:: RECORDS

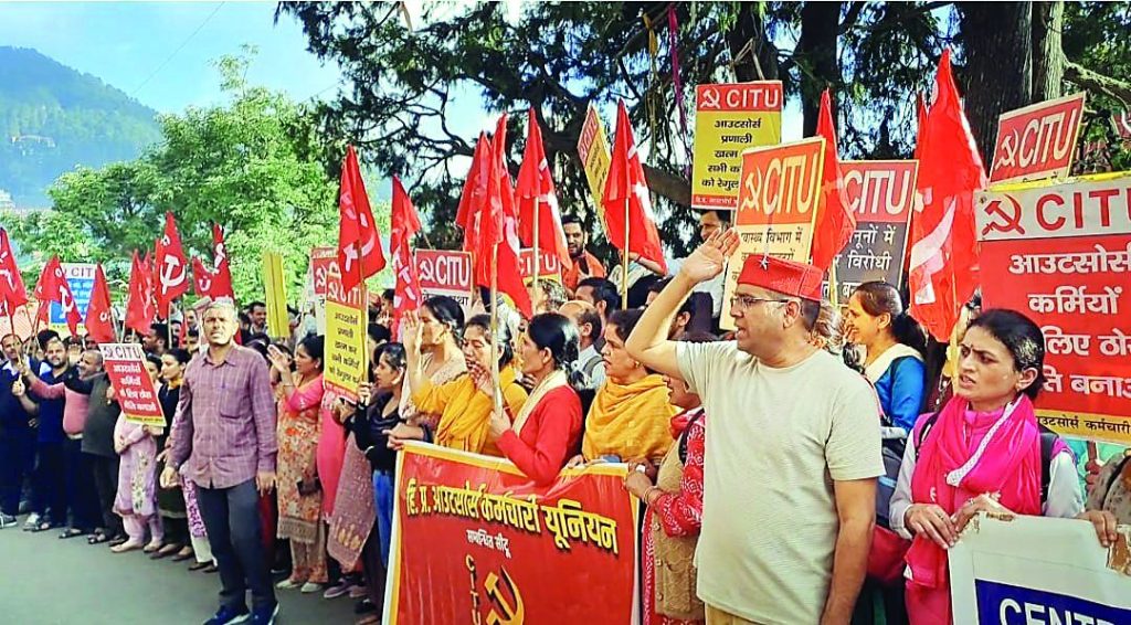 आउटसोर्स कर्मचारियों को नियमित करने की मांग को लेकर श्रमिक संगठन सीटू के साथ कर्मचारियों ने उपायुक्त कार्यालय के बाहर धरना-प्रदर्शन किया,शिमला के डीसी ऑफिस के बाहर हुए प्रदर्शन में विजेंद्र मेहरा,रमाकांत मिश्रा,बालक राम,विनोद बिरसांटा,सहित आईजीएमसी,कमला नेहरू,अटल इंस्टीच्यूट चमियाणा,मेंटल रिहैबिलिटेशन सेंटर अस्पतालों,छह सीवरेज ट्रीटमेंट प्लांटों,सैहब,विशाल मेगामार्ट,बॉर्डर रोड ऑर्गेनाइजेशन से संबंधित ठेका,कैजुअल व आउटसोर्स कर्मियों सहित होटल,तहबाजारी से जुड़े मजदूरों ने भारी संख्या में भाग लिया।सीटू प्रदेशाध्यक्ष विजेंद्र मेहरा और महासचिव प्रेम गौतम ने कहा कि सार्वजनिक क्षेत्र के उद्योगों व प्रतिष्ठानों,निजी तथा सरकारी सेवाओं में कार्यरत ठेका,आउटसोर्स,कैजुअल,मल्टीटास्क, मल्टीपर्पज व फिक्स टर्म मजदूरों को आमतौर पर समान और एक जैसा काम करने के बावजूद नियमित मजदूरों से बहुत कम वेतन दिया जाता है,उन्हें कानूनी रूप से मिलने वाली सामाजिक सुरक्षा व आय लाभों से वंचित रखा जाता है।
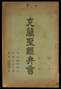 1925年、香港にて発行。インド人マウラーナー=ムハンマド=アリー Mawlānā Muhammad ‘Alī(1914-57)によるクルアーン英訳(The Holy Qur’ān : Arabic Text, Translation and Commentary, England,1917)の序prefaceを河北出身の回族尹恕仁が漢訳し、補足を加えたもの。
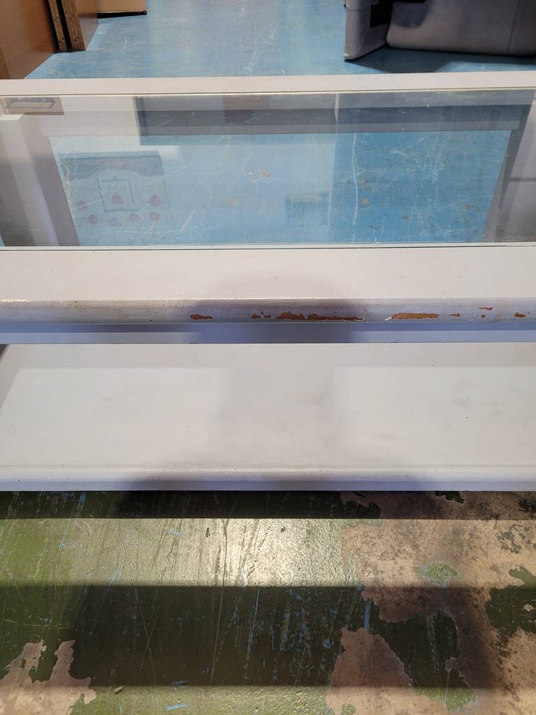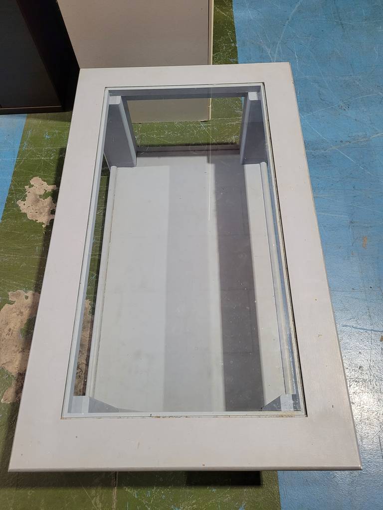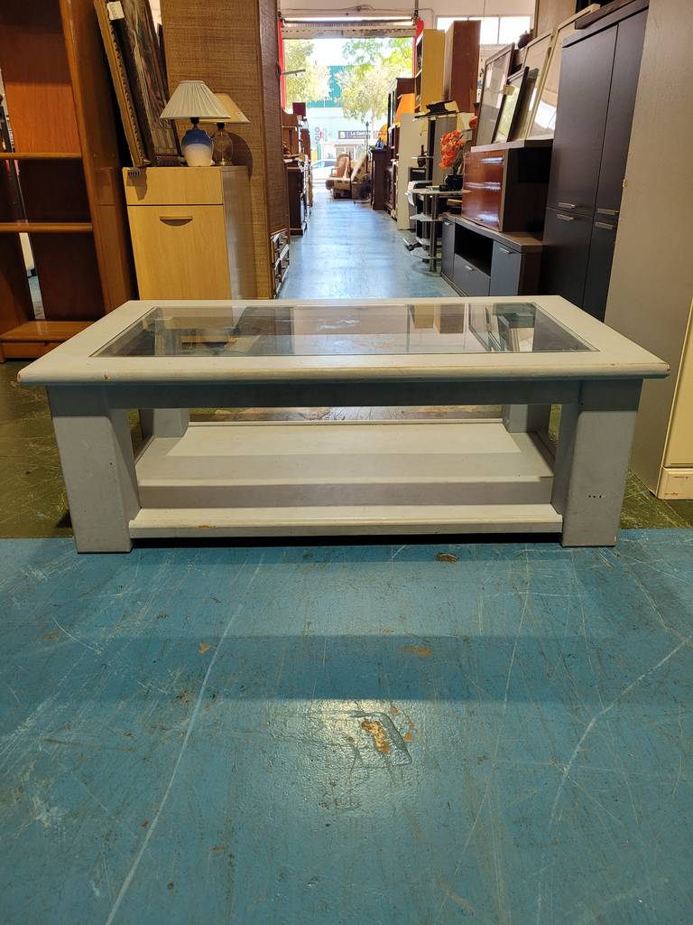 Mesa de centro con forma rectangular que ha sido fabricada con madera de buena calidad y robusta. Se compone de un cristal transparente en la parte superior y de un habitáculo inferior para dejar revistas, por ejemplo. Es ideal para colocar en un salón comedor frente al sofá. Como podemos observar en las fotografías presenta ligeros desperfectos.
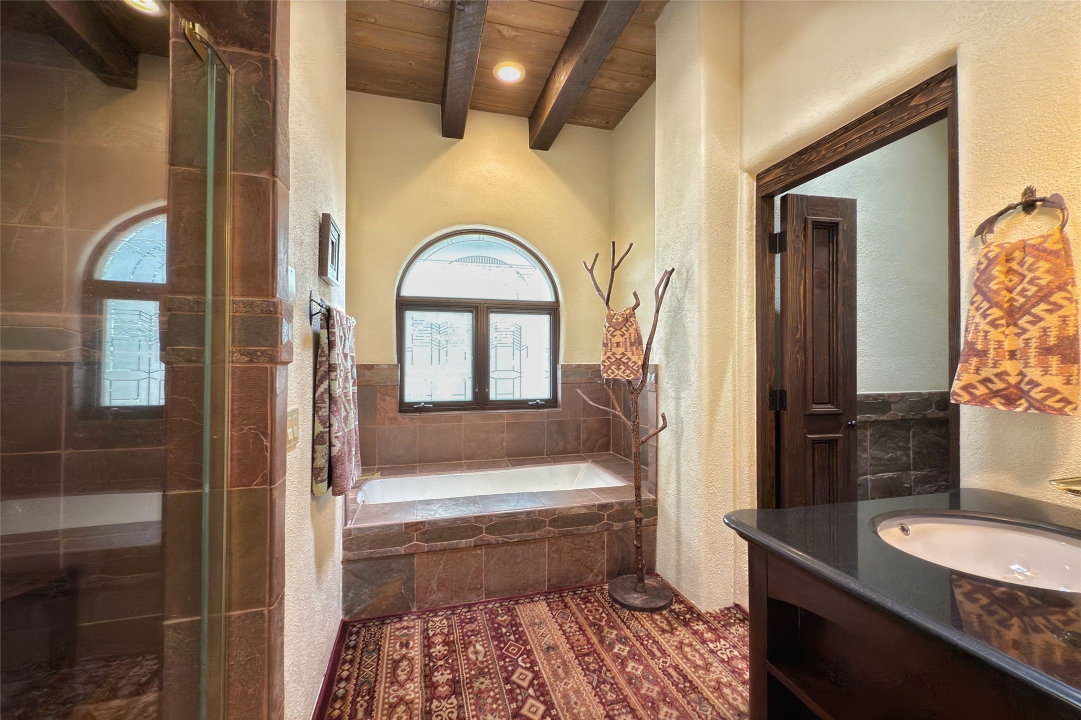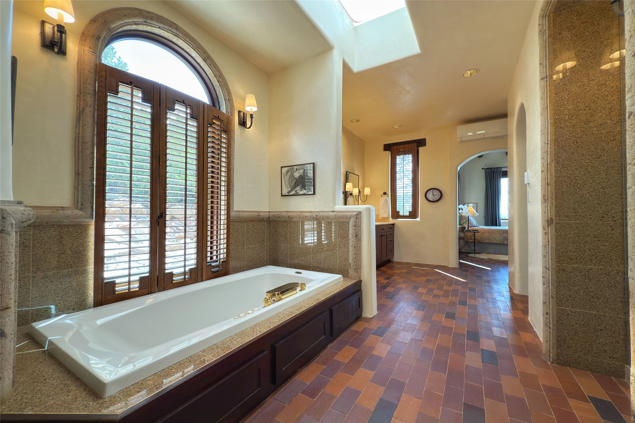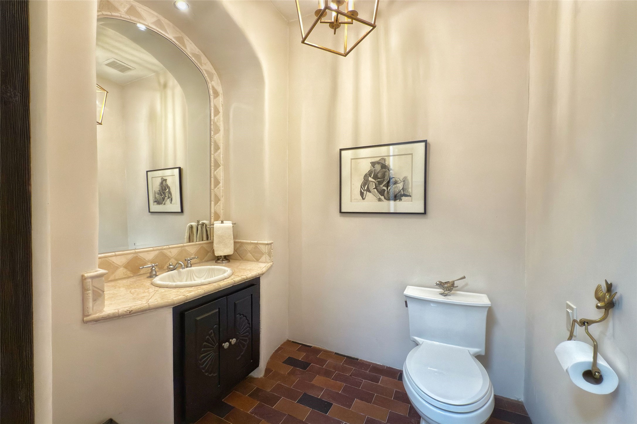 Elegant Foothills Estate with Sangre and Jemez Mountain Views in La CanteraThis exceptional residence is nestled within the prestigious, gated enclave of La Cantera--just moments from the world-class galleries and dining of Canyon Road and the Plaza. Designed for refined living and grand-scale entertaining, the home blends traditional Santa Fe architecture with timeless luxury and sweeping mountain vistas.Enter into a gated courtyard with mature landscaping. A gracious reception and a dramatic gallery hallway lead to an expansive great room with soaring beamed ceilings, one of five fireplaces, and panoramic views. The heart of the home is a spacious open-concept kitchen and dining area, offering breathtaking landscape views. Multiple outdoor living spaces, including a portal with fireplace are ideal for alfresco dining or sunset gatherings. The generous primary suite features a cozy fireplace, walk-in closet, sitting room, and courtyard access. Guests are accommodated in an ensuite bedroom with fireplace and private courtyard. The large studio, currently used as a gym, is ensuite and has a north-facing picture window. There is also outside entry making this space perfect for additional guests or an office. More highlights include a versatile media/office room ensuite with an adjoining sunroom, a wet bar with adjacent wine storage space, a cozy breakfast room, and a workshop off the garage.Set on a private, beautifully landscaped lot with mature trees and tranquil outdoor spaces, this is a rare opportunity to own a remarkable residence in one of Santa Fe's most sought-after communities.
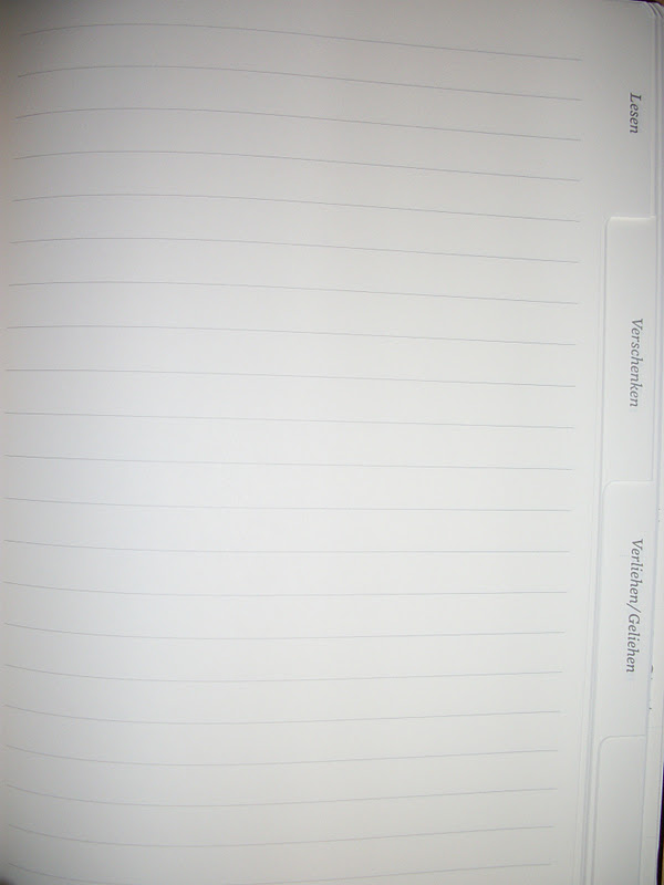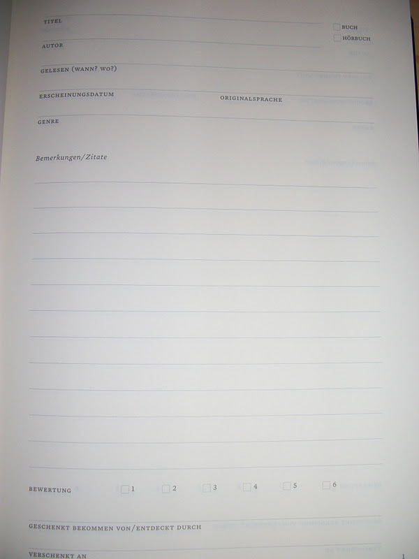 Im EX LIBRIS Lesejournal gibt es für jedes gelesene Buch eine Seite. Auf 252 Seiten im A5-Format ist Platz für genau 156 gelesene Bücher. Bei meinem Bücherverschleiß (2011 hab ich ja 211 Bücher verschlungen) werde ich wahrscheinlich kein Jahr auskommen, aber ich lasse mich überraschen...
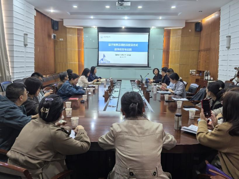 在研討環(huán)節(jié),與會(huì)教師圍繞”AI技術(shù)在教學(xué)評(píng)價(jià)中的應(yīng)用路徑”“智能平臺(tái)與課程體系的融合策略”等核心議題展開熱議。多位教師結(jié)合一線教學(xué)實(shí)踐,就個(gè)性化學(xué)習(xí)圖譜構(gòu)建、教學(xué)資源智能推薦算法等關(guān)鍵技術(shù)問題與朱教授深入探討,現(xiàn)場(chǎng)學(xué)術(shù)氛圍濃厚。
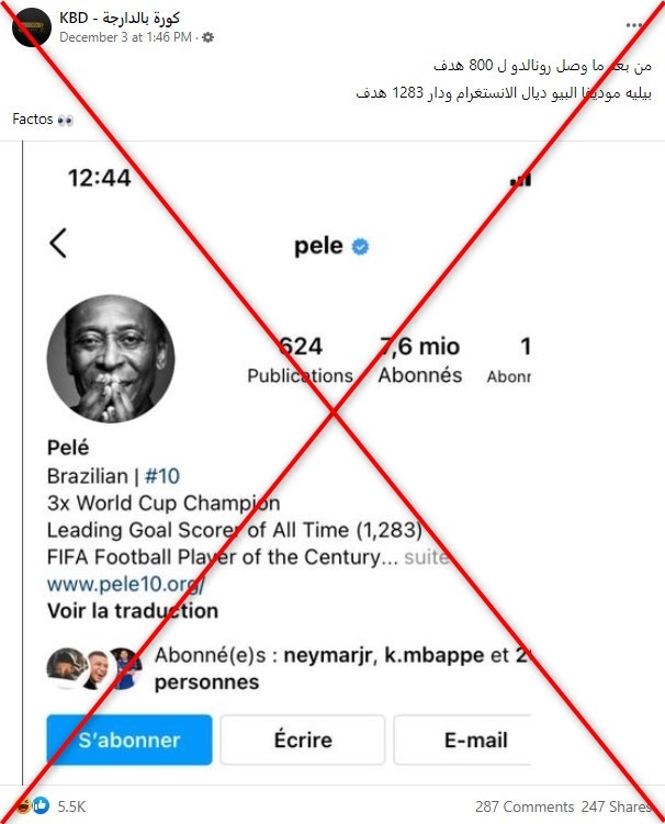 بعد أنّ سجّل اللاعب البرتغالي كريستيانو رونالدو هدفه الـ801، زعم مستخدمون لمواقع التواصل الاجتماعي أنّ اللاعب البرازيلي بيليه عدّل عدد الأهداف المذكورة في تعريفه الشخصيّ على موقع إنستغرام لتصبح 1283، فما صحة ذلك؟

::::

• WHAT IS EXPECTED: Exactly the lines from the one that contains "在研討環(huán)節(ji" through the final line of the records above are needed, given again word for word, with every picture left out.

• TASK RESULT:
 在研討環(huán)節(jié),與會(huì)教師圍繞”AI技術(shù)在教學(xué)評(píng)價(jià)中的應(yīng)用路徑”“智能平臺(tái)與課程體系的融合策略”等核心議題展開熱議。多位教師結(jié)合一線教學(xué)實(shí)踐,就個(gè)性化學(xué)習(xí)圖譜構(gòu)建、教學(xué)資源智能推薦算法等關(guān)鍵技術(shù)問題與朱教授深入探討,現(xiàn)場(chǎng)學(xué)術(shù)氛圍濃厚。
 بعد أنّ سجّل اللاعب البرتغالي كريستيانو رونالدو هدفه الـ801، زعم مستخدمون لمواقع التواصل الاجتماعي أنّ اللاعب البرازيلي بيليه عدّل عدد الأهداف المذكورة في تعريفه الشخصيّ على موقع إنستغرام لتصبح 1283، فما صحة ذلك؟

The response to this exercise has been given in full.